- Based on: The Crucifer of Blood by Paul Giovanni Sherlock Holmes characters by Sir Arthur Conan Doyle
- Screenplay by: Paul Giovanni Fraser C. Heston
- Directed by: Fraser Clarke Heston (as Fraser C. Heston)
- Starring: Charlton Heston Richard Johnson Edward Fox Simon Callow
- Music by: Carl Davis
- Countries of origin: United States United Kingdom
- Original language: English

Production
- Producer: Fraser C. Heston
- Cinematography: Robin Vidgeon
- Editor: Eric Boyd-Perkins
- Running time: 103 minutes
- Production companies: Turner Pictures British Lion

Original release
- Network: TNT
- Release: November 14, 1991

= The Crucifer of Blood (film) =

1991 film by Fraser Clarke Heston

The Crucifer of Blood is a 1991 TV movie based on the play of the same name by Paul Giovanni, who wrote the screenplay along with Fraser C. Heston, who directed the picture. The play and film are an adaptation of Arthur Conan Doyle's The Sign of the Four.

Charlton Heston, the father of Fraser Heston, plays Sherlock Holmes, a role he first played in a Los Angeles production of Giovanni's play. Richard Johnson co-stars as Dr. Watson and Simon Callow plays Inspector Lestrade.

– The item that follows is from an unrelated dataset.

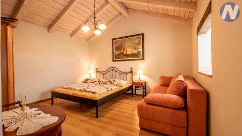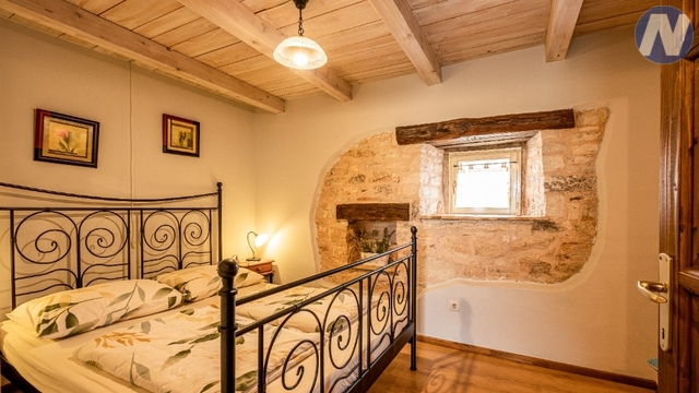 Tento unikátní objekt se skládá ze dvou samostatných budov, autentických kamenných domů, které byly kompletně zrekonstruovány a vybaveny velkým důrazem na detail. Každý dům má vlastní vchod, zatímco mají společný prostorný a dobře navržený venkovní prostor. Najdete zde bazén s moderní solární sprchou, prostor pro opalování, idylická místa pro posezení a socializaci a krytou terasu s grilem až pro 12 osob, ideální pro letní posezení. Vstup do dvora zdobí olivovníky a na pozemku je zabezpečené soukromé parkoviště pro 4 auta.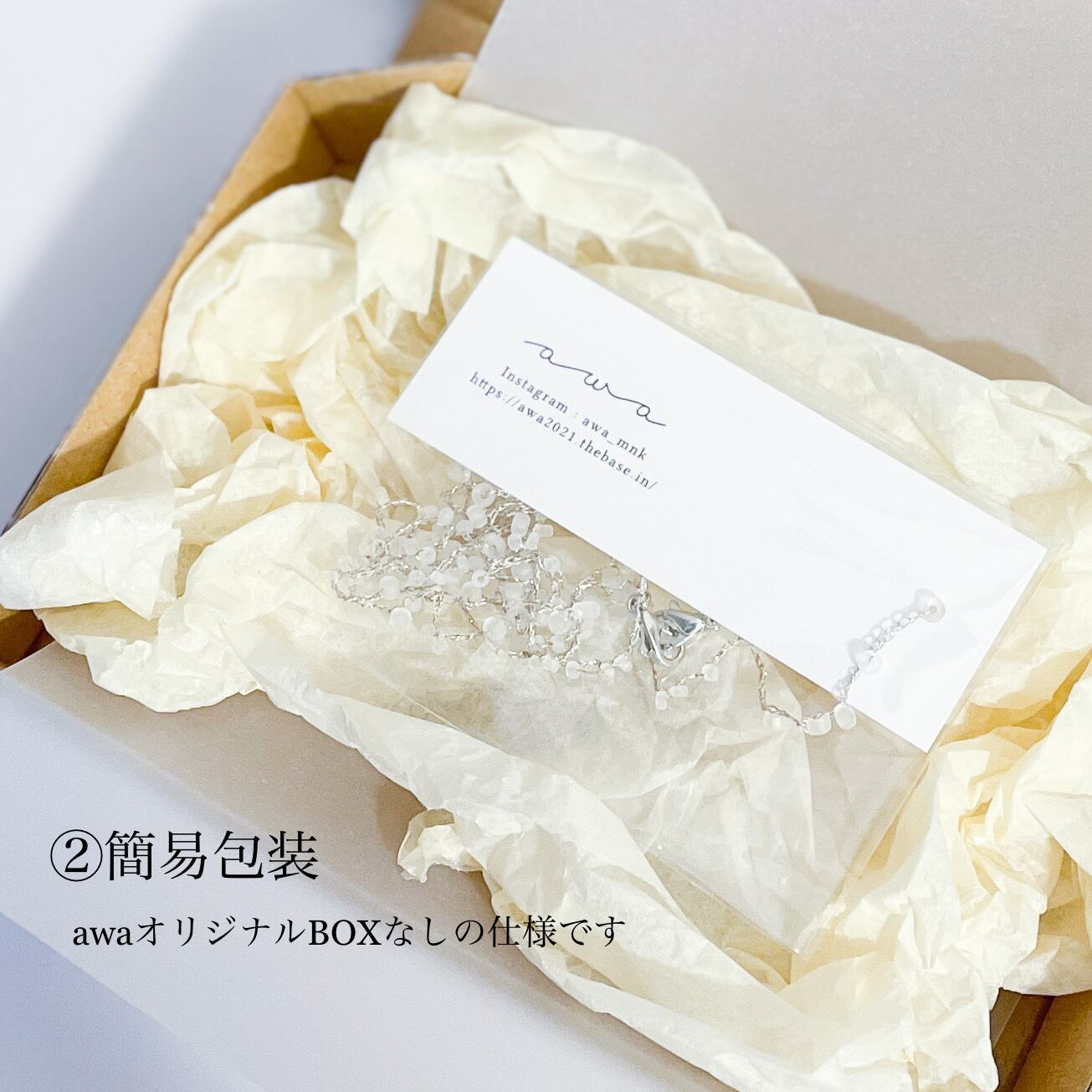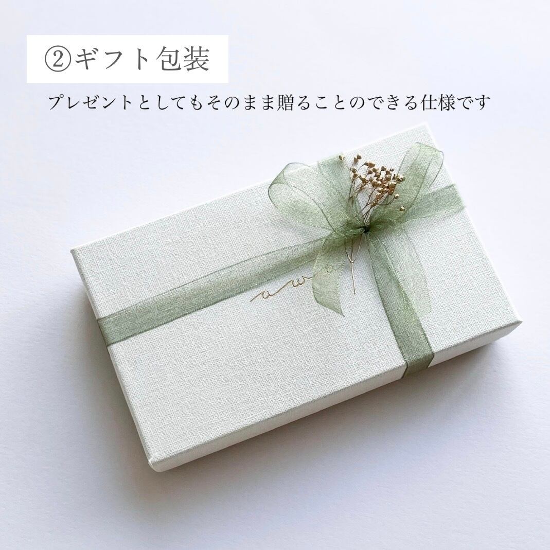 awaの箔押しオリジナルBOX、リボン、ドライフラワーを添えた包装

The film was made in England by British Lion and Turner Films for cable television, and was first broadcast on TNT on November 14, 1991.

==Plot==
A beautiful young woman asks Holmes to help her father, a former army captain and hopeless opium addict break free of the curse surrounding a treasure stolen decades ago, when he was stationed in India during The Raj.

==Cast==
- Charlton Heston as Sherlock Holmes
- Richard Johnson as Dr. Watson
- Edward Fox as Alistair St. Claire
- Susannah Harker as Irene St. Claire
- Simon Callow as Inspector Lestrade

==Production==
The play, directed by the author, premiered in Los Angeles at the Ahmanson Theatre in the Los Angeles Music Center on December 5, 1980, and ran through January 17, 1981. Charlton Heston played Sherlock Holmes and Jeremy Brett, who later became one of the most famous portrayers of the Victorian consulting detective, played Dr. Watson.

Frasier Heston had written the script for 1980 movie The Mountain Men that had starred Charlton Heston, and had produced his father's TV adaptation of A Man For All Seasons (1988). He directed his father as Long John Silver in an adaptation of Treasure Island for TNT the year before helming The Crucifer of Blood.

Prior to their pairing as Holmes and Watson, Heston and Johnson had worked together several times before. Their collaborations included 1966's Khartoum, 1970's Julius Caesar, the 1988 TV movie A Man for All Seasons (which Heston himself directed), and the aforementioned Treasure Island.